Estimation of the conditional distribution of $T_{i}$ under
different values $\acute{\gamma}_i$ of the parameter of interest
is conveniently achieved by re-weighting the sample frequencies under
$\gamma _{i}=0$ as
\begin{equation*}
\hat{f}\left( T_{i}=t\;|\; \mathbf{S=s,T}_{-i}=\mathbf{t}_{-i},\; %
\gamma _{i}=\acute{\gamma}_{i}\right) = \frac{\hat{f}\left(
T_{i}=t\;|\; \mathbf{S=s,T}_{-i}=\mathbf{t}_{-i},\; \gamma
_{i}=0\right) \exp \left\{ \acute{\gamma}_i \, t\right\} }
{\sum\limits_{u} \hat{f}\left( T_{i}=u\; | \; \mathbf{S=s},\;
\mathbf{T}_{-i}=\mathbf{t}_{-i},\; \gamma _{i}=0\right) \exp
\left\{ \acute{\gamma}_i \, u \right\} }\text{.}
\end{equation*}%
Sometimes maximization of the conditional likelihood is not
possible,
because the observed value, $t_{i}$, of the sufficient statistic for $%
\gamma _{i}$ lies at one extreme of its range. In this case the
median unbiased point estimate (MUE) is reported
\citep{Mehta:1995}.

We obtain a level-$\alpha $ confidence interval, $\left( \gamma
_{-},\gamma _{+}\right) $
for $\gamma _{i}$, by inverting two one-sided likelihood ratio tests for $%
\gamma _{i}$. More precisely, following \citet{Mehta:1995}, we define
\[
F_{1}\left( t_{i}|\gamma _{i}\right) =\sum_{v\geq
t_{i}}f_{T_{i}}\left( v|\gamma _{i}\right)
\]%
and
\[
F_{2}\left( t_{i}|\gamma _{i}\right) =\sum_{v\leq
t_{i}}f_{T_{i}}\left( v|\gamma _{i}\right),
\]
where $f_{T_{i}}\left( v|\gamma _{i}\right)$ is given by
(\ref{marginal conditional density}) with the conditioning
arguments omitted for brevity in the current notation.
Let $t_{min}$ and $t_{max}$ be the smallest
and largest possible values of $t_{i} $ in the distribution
(\ref{marginal conditional density}). The lower confidence bound
$\gamma _{-}$, is such that
\begin{eqnarray*}
F_{1}\left( t_{i}|\gamma_{-}\right)  &=&\alpha /2\text{ \ \ \ if \ \ }%
t_{min}<t_{i}\leq t_{max} \\
\gamma_{-} &=&-\infty \text{ \ \ \thinspace if \ \ }t_{i}=t_{min}.
\end{eqnarray*}%
Similarly,%
\begin{eqnarray*}
F_{2}\left( t_{i}|\gamma_{+}\right)  &=&\alpha /2\text{ \ \ \ if \ \ }%
t_{min}\leq t_{i}<t_{max} \\
\gamma_{+} &=&\infty \text{ \ \ \ \ \ if \ \ }t_{i}=t_{max}.
\end{eqnarray*}

\section[Using elrm and its features]{Using \pkg{elrm} and its features} \label{ueaif}

Our contributed \proglang{R}\ package, \pkg{elrm}, is available
for download from the Comprehensive \proglang{R} Archive Network (CRAN)
website at \url{http://CRAN.R-project.org/}.

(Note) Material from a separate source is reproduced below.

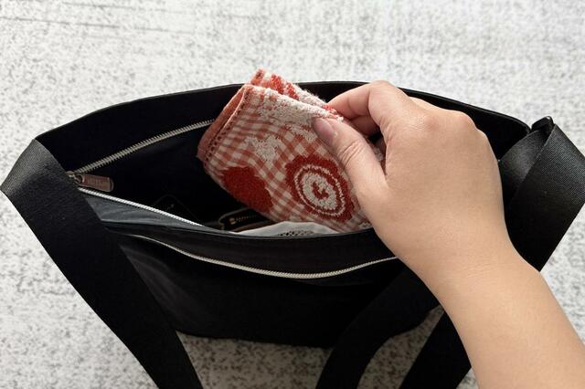 たとえばペットボトルや保冷剤の結露、使用後の濡れたハンカチや冷感タオルなども、気兼ねなく入れられます。

The main function of the \pkg{elrm} package is \code{elrm()},
which returns an object of class ``\code{elrm}" for which
\code{summary}, \code{plot} and \code{update} methods are
available. A call to \code{elrm()} will both generate the Markov
chain of sampled sufficient statistics for the parameters of
interest in the logistic regression model (conditional on the
observed values of the sufficient statistics for the nuisance
parameters) and conduct inference. The generated chain, saved as
an ``\code{mcmc}" object from the \pkg{coda} package \citep{coda},
is stored along with inference results in the ``\code{elrm}" object that is
returned. The user specifies the logistic regression model and
regression parameters of interest by passing:

\begin{enumerate}

\item \code{formula}: a symbolic description in
\proglang{R} formula format of the logistic regression model
(including nuisance parameters and parameters of interest). One
exception is that the binomial response should be specified as
success/trials, where success gives the number of successes and
trials gives the number of binomial trials for each row of the
dataset.

\item \code{interest}: a symbolic description in
\proglang{R} formula format of the model terms for which exact
conditional inference is of interest.

\item \code{dataset}: a ``\code{data.frame}" object where the data
are stored. The ``\code{data.frame}" object must include a column
specifying the number of successes for each row and a column
specifying the number of binomial trials for each row.

\end{enumerate}
For a list of the four other arguments to \code{elrm()} and their
default values, see the help file.

The \code{summary()} method for \pkg{elrm} formats and prints the
``\code{elrm}" object. The summary includes the matched call,
coefficient estimates and confidence intervals for each model term
of interest, estimated $p$~value for jointly testing that the
parameters of interest are equal to zero, full conditional
$p$~values from separately testing each parameter equal to zero,
length of the Markov chain upon which inference was based, and the
Monte Carlo standard error of each reported $p$~value.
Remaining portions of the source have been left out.